Looking for someone with an i7 to run a *Big WU* thru their rig and tell me the PPD they get. Just one WU would be fine and the results would be used to determine the path of my future rig choices. Any takers?


----------



## bogmali (Nov 17, 2009)

BUCK NASTY said:


> Looking for someone with an i7 to run a *Big WU* thru their rig and tell me the PPD they get. Just one WU would be fine and the results would be used to determine the path of my future rig choices. Any takers?
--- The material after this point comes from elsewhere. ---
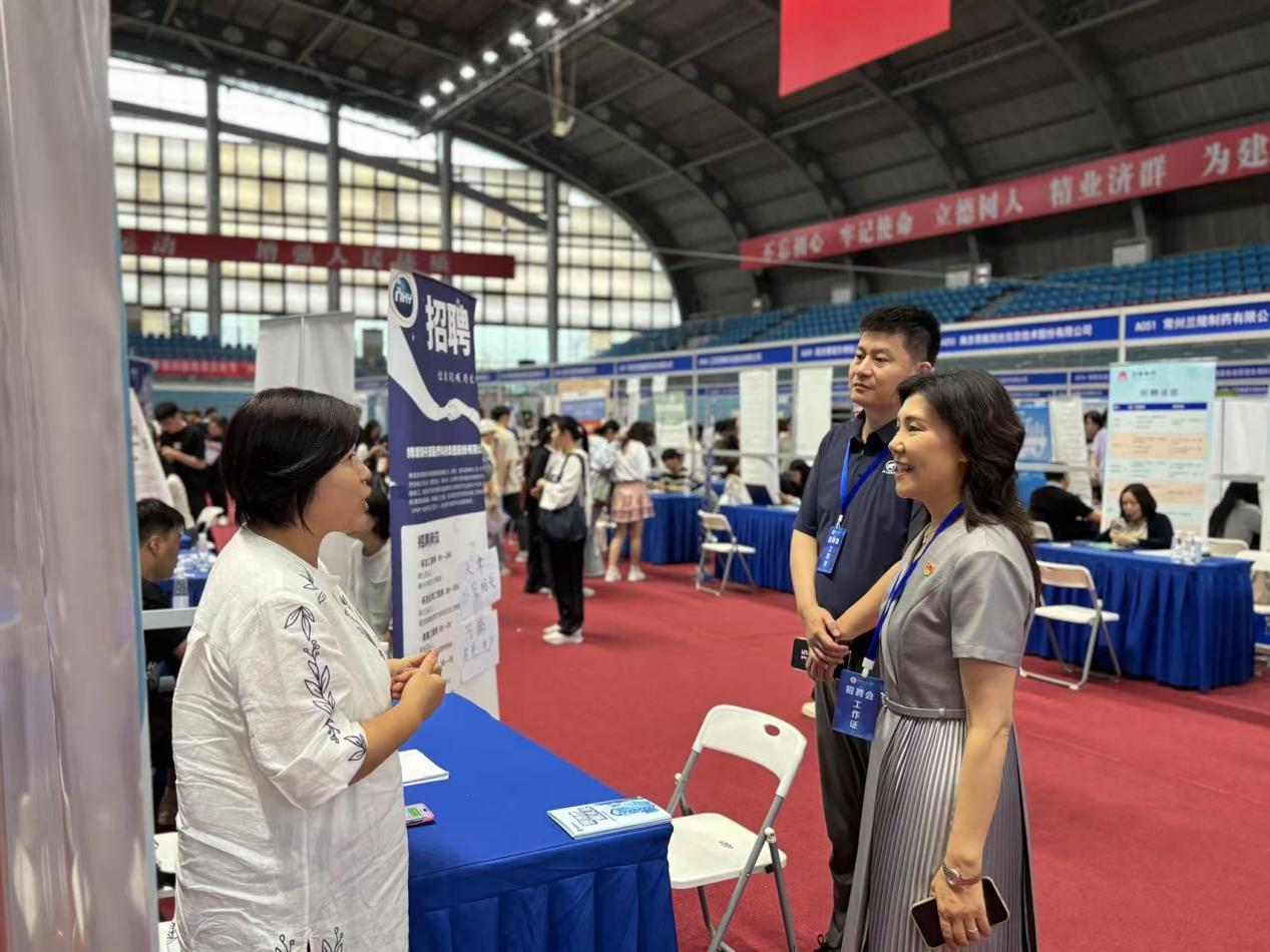 为积极响应党中央、国务院关于高校毕业生就业工作部署,抢抓毕业离校关键期统筹做好就业工作,6月11日,beat365在江宁校区体育馆举办 2025 届毕业生“百日冲刺促就业”专场招聘会,校党委副书记朱红深入招聘会现场走访用人单位。

You know I'm game BUCK Send it

EDIT: Just realized what you're asking me to do and will have to wait until I get the other ones online (since this will be SMP).


----------



## [Ion] (Nov 17, 2009)

BUCK NASTY said:


> Looking for someone with an i7 to run a *Big WU* thru their rig and tell me the PPD they get. Just one WU would be fine and the results would be used to determine the path of my future rig choices. Any takers?



I don't have an i7, otherwise I would, but there is lots of info here


----------



## PaulieG (Nov 17, 2009)

I'd be game. I'm not sure how to set it up, but if someone walks me through it, I'll lend the cores.


----------



## mep916 (Nov 30, 2009)

Paulieg said:


> I'd be game. I'm not sure how to set it up, but if someone walks me through it, I'll lend the cores.



http://www.evga.com/forums/tm.aspx?m=4464

That's a pretty good guide. It's for the big units plus the bonus points. You gotta run 10 small WUs before you qualify for the bonus points though. The guide is fairly straightforward.


----------



## chriskwarren (Dec 6, 2009)

There is a calculator here:http://www.linuxforge.net/bonuscalc.php

On my i7 920 @3.4GHZ, I get ~19,000K PPD with the bonus points included (~40min TPF). This is done on the vmware setup mentioned in the Evga forums linked. 36 TPF is likely if you do a better overclock at 3.8-4.0 GHZ, which, according to the calculator linked above, nets ~22K PPD. 

That, of course, is keeping the vmware machine on low priority so that the GPU clients have ample cpu cycles.


----------



## bogmali (Dec 6, 2009)

I have mine running since Friday @ 3.8 Ghz. Will have to get the GPUs going too since it looks stable at this point.


----------



## hertz9753 (Dec 7, 2009)

If I only had an i7 instead of this "crappy" 9450.


----------